As the visitors enter the underground level of the plaza, they are encountered with an open space with a seamless network of smaller rectangular rooms with different levels of enclosure. The underground space offers fluid circulation which the visitors are free to choose for themselves. There is no single entrance into the ground. One can either enter through one of seven courtyards, or one can enter through the staircase inside the scaffolding. The rooms inside are non-hierarchical - they are like objects distributed on a field. These smaller rooms provide different utilities such as toilets, washing and drying machines, stoves, ovens, sofas, televisions, dining tables, closets, and beds. Visitors can easily compare these small enclosed spaces with bathrooms, laundry rooms, kitchens, living rooms, and bedrooms. The courtyard in the context became gardens and provide light for the underground spaces. Some rooms have four solid walls surround the center utilities, whether they are toilet bowls or washing machines. These enclosed spaces seem more private, since they only have one door for each space, and only a few of them have windows. Some rooms are enclosed by both walls and columns. For example, the kitchen spaces usually comprise two sides of solid walls and two sides of equally spaced columns. The gardens/courtyards are enclosed by glass doors and walls. The more public rooms in the underground plaza allow visitors to experience different permeability of these public space since these rooms offer more fluid and blurred transition between inside and outside.

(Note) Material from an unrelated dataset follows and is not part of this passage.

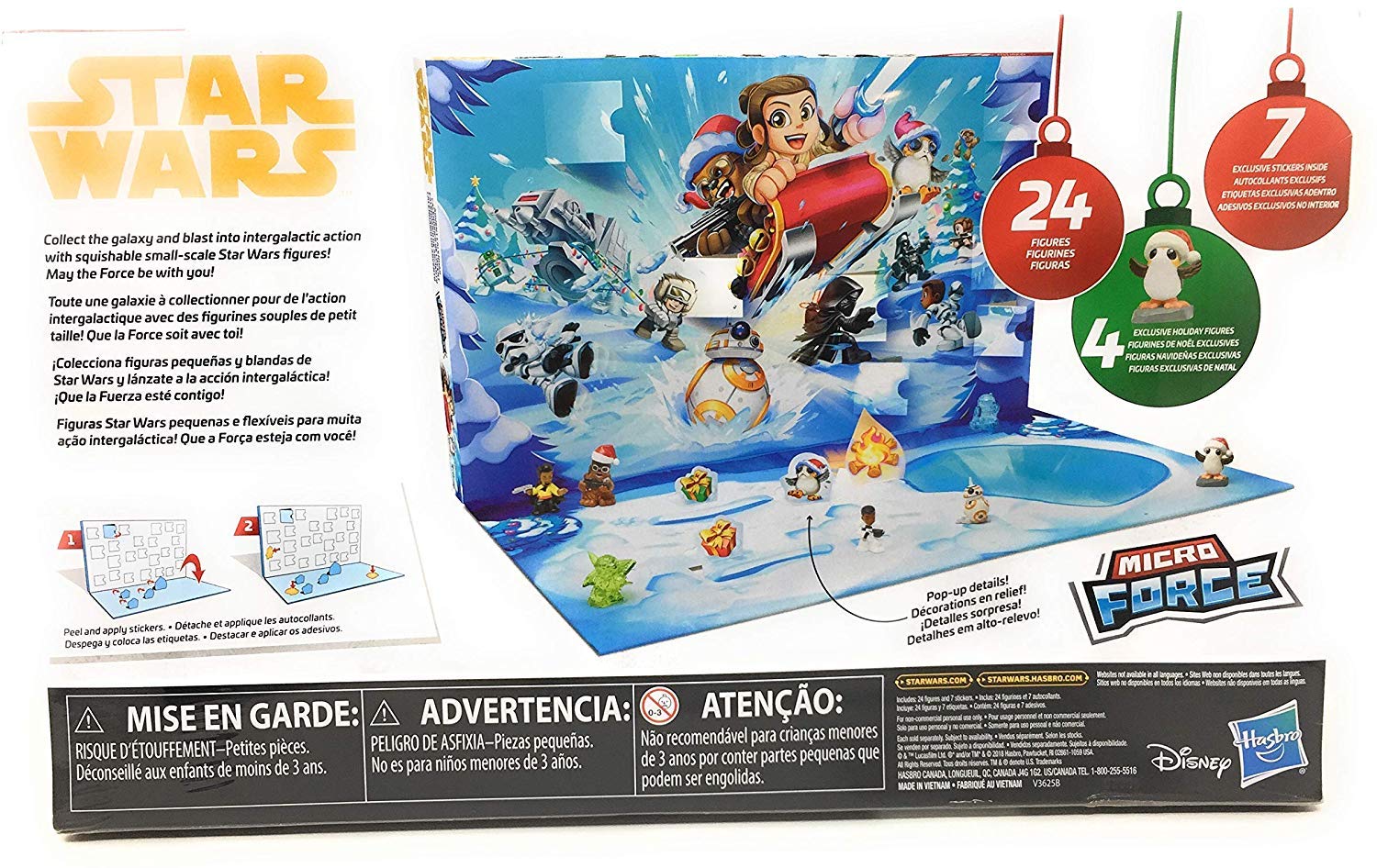 Jedi Knights, Sith Lords, Stormtroopers, X-wings, Star destroyers, AT-AT walkers, droids, Wookiees, Rebel heroes, and more! Imagine big Star Wars adventures at a small scale with Star Wars micro force!star Wars micro force figures are expressive, small-scale figures from the Star Wars universe! Kids can start or add to their micro force collection with the Star Wars Micro force Advent calendar, including 24 figures and 7 exclusive stickers from a galaxy far, far away! Look for the holiday-themed figures and translucent figures! Calendar includes 24 openable windows so that for each day of the countdown, kids can discover 1 unique micro force figure. Package also folds down to reveal a Star Wars backdrop, so kids can apply stickers and play with figures on a star Wars-inspired scene!blast into intergalactic action with squishable small-scale figures from Star Wars Micro force! May the force be with you!star Wars products are produced by Hasbro under license from Lucasfilm Ltd. Hasbro and all related terms are trademarks of Hasbro.

The concept of the underground plaza follows the idea of Jacques Derrida: in order to deconstruct the binary terms of “men belong to the public and women belong to the private”, the first step is to reverse the term occupying the positive position and the occupying the negative position. Here in the underground plaza, what’s considered to be private and feminine space is reversed to become public spaces. The second step is for the negative term to be “displaced from its dependent position and located at the very condition of the positive term (Rendell 2000, 104)”. Isolated from their context of the home, the rooms underground are operating independently and being placed in the public realm.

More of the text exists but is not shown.